*** Opening ENTRIES PROVIDED ***

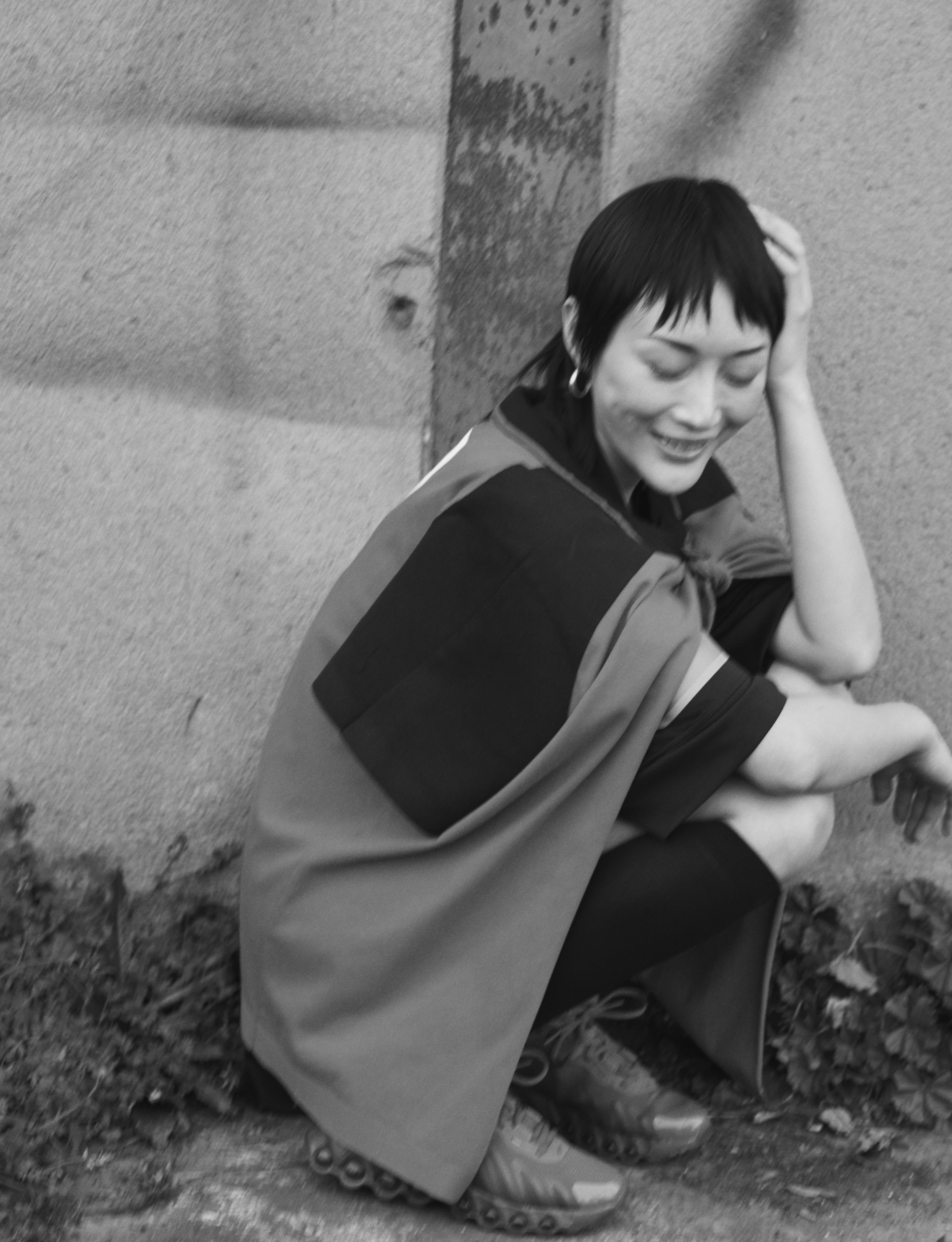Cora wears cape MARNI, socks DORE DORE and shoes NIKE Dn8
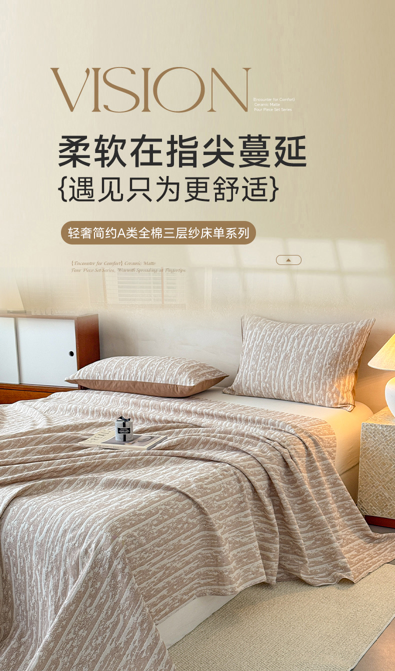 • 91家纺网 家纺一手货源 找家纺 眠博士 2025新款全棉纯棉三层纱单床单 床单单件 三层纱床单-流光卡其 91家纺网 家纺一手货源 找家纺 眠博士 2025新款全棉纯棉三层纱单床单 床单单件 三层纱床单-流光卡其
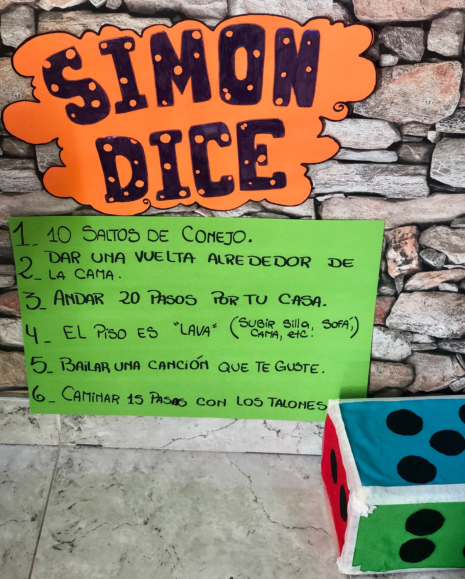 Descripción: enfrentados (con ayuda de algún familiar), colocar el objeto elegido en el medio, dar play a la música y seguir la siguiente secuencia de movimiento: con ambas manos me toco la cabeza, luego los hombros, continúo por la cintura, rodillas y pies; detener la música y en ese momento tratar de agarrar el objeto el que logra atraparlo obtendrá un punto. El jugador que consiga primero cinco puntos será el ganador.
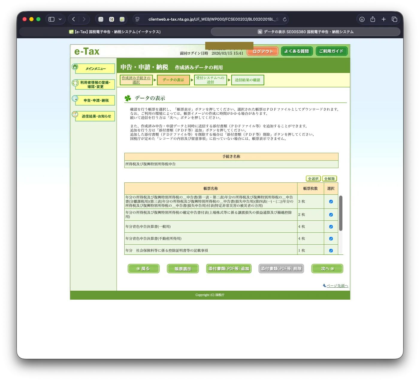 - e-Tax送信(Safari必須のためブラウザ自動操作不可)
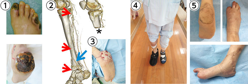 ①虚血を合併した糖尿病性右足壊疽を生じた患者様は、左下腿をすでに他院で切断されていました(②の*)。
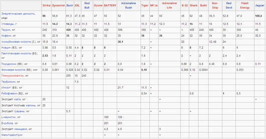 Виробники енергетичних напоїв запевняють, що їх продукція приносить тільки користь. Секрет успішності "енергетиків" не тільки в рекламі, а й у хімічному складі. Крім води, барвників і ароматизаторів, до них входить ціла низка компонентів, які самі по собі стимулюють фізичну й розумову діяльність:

*** Closing ENTRIES PROVIDED ***

PROBLEM REQUIREMENTS: Your copy should begin at the line containing "- e-Tax送信(Safari必須のためブラウザ自動操作不可)" and end at the last line of the data above, matching each line exactly and holding no pictures.

ANSWER TO THIS EXERCISE:
 - e-Tax送信(Safari必須のためブラウザ自動操作不可)
 ①虚血を合併した糖尿病性右足壊疽を生じた患者様は、左下腿をすでに他院で切断されていました(②の*)。
 Виробники енергетичних напоїв запевняють, що їх продукція приносить тільки користь. Секрет успішності "енергетиків" не тільки в рекламі, а й у хімічному складі. Крім води, барвників і ароматизаторів, до них входить ціла низка компонентів, які самі по собі стимулюють фізичну й розумову діяльність:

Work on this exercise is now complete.